Aim of the exercise -
For the entries below, copy exactly the line that contains "la avenida Cabá." through the line that contains "- Electric Range, Family", both ends included, and exclude all pictures.

Exercise input -
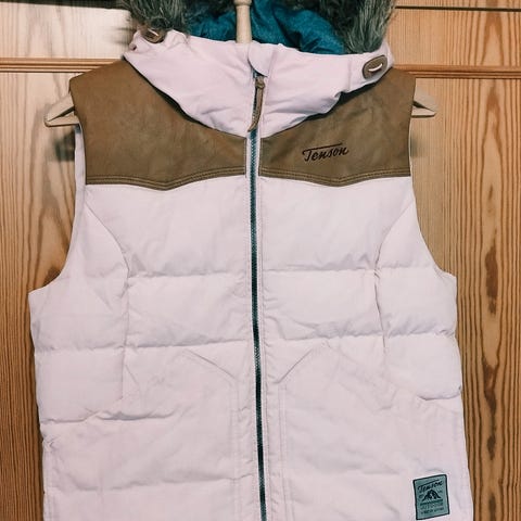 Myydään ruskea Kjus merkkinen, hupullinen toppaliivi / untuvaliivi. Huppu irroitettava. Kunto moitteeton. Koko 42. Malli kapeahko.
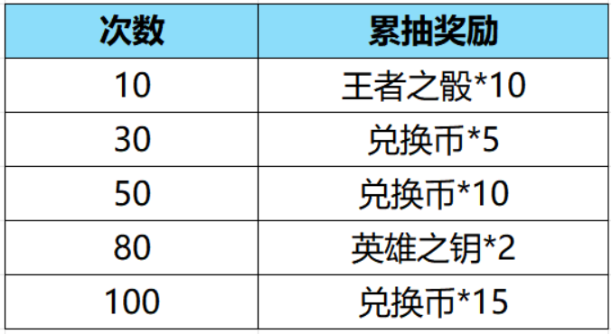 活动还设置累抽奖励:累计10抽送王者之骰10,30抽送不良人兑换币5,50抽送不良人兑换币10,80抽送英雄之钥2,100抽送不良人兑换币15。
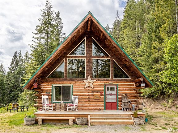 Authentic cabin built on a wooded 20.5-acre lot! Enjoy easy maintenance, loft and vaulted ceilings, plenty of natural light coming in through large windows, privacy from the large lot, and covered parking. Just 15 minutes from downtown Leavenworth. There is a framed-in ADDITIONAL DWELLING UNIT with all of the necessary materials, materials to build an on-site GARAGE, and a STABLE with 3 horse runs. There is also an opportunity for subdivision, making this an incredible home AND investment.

---

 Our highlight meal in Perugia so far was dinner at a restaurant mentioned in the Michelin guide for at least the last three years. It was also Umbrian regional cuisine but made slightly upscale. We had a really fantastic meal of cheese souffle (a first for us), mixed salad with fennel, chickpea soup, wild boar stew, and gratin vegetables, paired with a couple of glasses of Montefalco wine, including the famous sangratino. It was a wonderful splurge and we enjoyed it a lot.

* * *

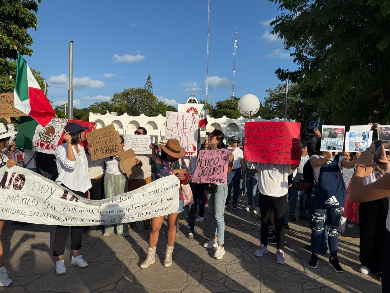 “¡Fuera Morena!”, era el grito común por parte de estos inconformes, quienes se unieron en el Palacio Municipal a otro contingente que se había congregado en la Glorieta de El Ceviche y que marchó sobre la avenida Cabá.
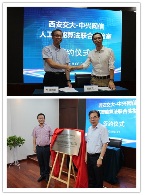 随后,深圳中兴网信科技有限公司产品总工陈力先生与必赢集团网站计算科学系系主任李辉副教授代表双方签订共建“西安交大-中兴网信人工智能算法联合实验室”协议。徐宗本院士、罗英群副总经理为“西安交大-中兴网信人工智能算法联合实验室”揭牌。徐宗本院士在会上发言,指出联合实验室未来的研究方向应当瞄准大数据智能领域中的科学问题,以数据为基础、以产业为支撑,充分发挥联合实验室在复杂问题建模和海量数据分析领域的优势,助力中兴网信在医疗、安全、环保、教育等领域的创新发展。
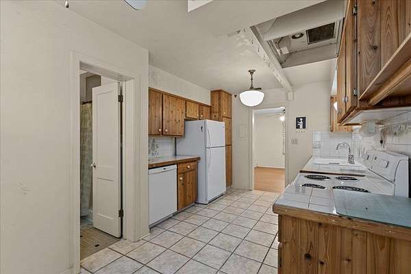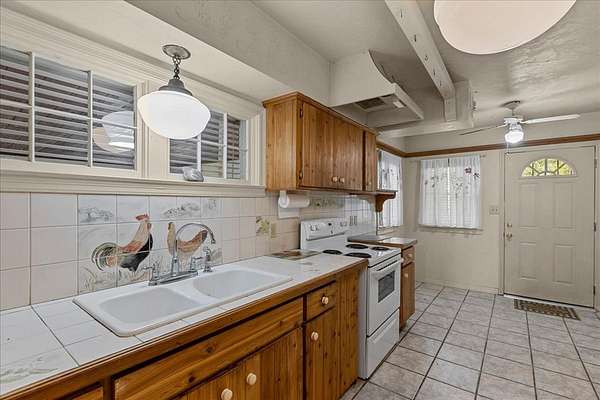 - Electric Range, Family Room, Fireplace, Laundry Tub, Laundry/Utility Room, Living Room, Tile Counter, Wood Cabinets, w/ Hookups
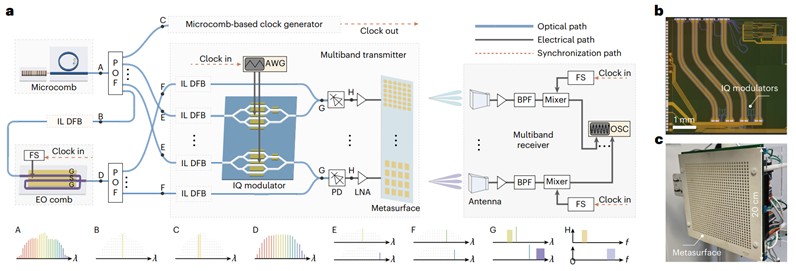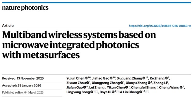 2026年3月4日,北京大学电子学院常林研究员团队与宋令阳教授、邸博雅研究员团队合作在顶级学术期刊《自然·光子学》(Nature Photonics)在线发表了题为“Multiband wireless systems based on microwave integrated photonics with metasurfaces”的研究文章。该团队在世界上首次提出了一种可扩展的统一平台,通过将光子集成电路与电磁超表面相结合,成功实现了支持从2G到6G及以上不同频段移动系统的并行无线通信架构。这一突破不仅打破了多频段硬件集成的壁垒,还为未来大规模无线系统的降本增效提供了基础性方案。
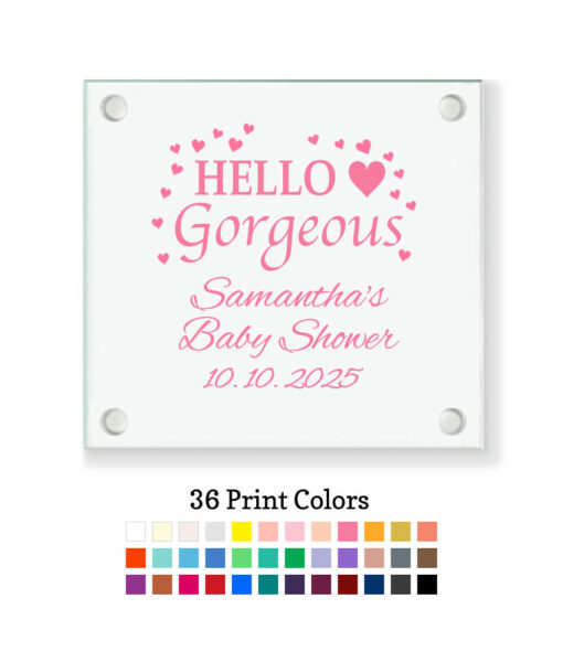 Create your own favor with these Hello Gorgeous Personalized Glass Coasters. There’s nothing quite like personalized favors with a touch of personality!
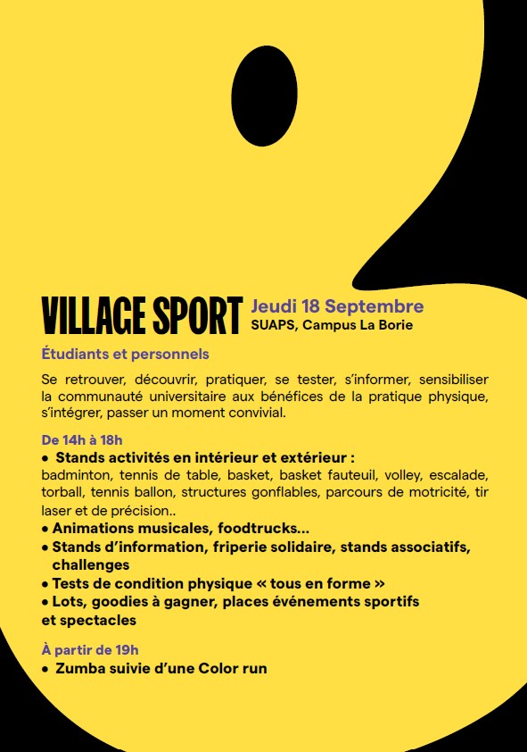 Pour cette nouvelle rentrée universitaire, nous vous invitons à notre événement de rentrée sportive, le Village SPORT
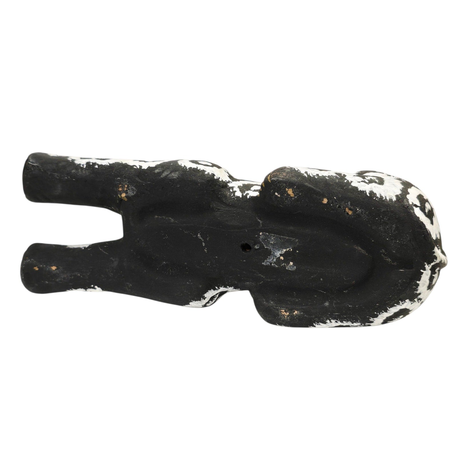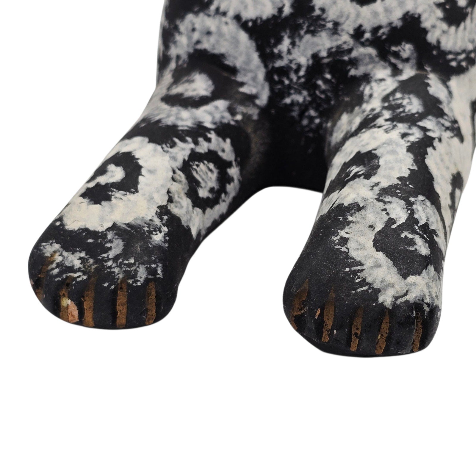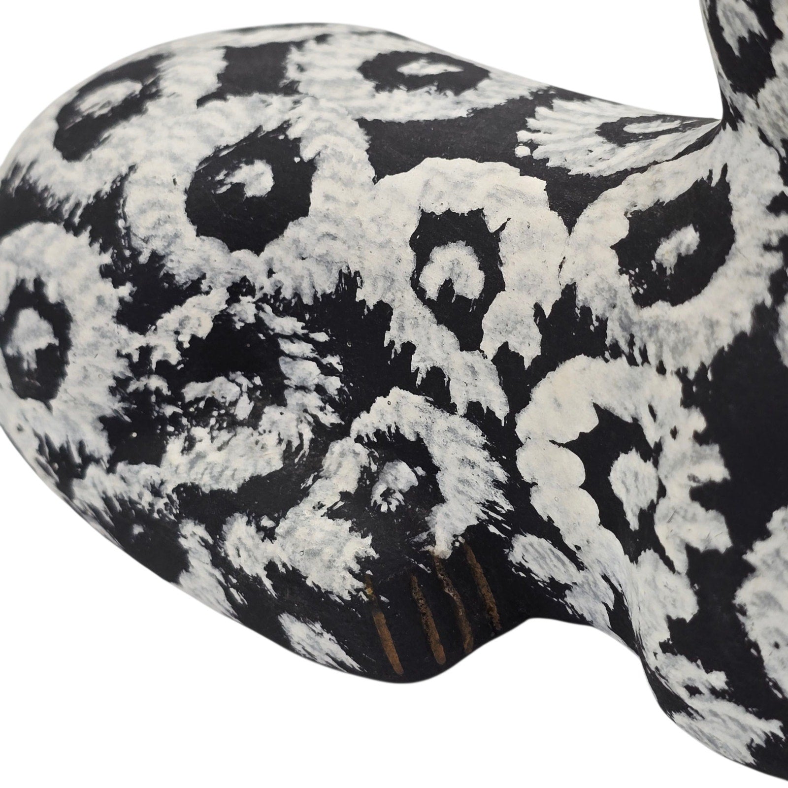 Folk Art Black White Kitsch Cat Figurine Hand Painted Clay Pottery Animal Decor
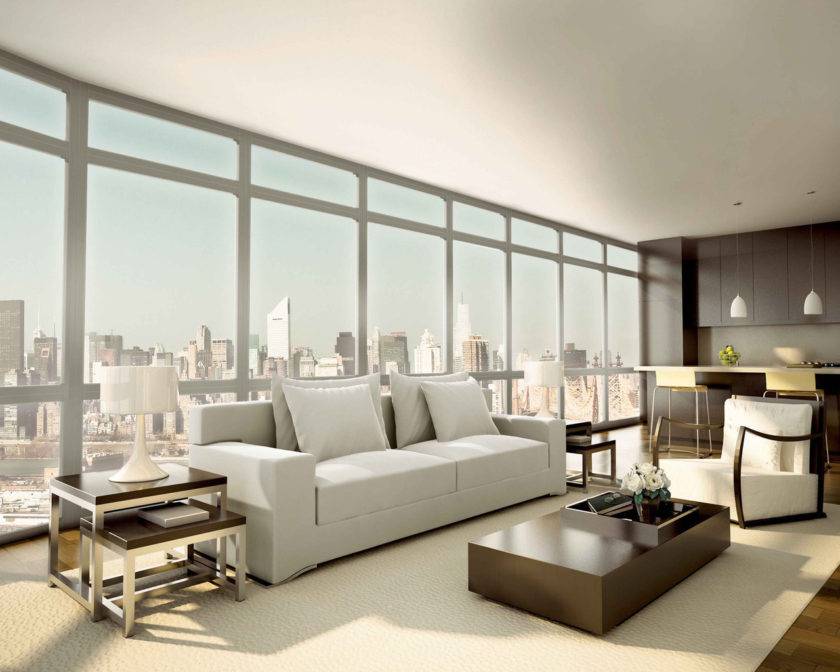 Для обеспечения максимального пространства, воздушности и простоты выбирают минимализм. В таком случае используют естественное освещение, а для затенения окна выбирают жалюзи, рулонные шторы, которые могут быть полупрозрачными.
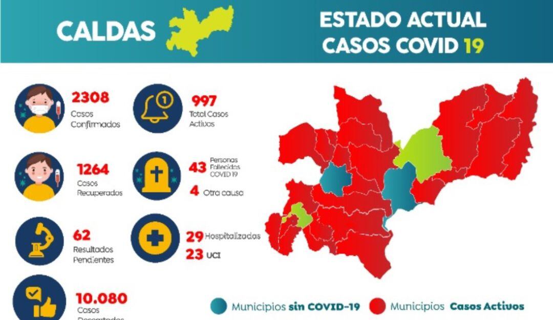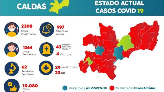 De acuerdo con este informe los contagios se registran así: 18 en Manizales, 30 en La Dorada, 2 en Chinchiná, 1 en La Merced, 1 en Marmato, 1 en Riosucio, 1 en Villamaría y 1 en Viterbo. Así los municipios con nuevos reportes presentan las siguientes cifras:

Answer section -
 “¡Fuera Morena!”, era el grito común por parte de estos inconformes, quienes se unieron en el Palacio Municipal a otro contingente que se había congregado en la Glorieta de El Ceviche y que marchó sobre la avenida Cabá.
 随后,深圳中兴网信科技有限公司产品总工陈力先生与必赢集团网站计算科学系系主任李辉副教授代表双方签订共建“西安交大-中兴网信人工智能算法联合实验室”协议。徐宗本院士、罗英群副总经理为“西安交大-中兴网信人工智能算法联合实验室”揭牌。徐宗本院士在会上发言,指出联合实验室未来的研究方向应当瞄准大数据智能领域中的科学问题,以数据为基础、以产业为支撑,充分发挥联合实验室在复杂问题建模和海量数据分析领域的优势,助力中兴网信在医疗、安全、环保、教育等领域的创新发展。
 - Electric Range, Family Room, Fireplace, Laundry Tub, Laundry/Utility Room, Living Room, Tile Counter, Wood Cabinets, w/ Hookups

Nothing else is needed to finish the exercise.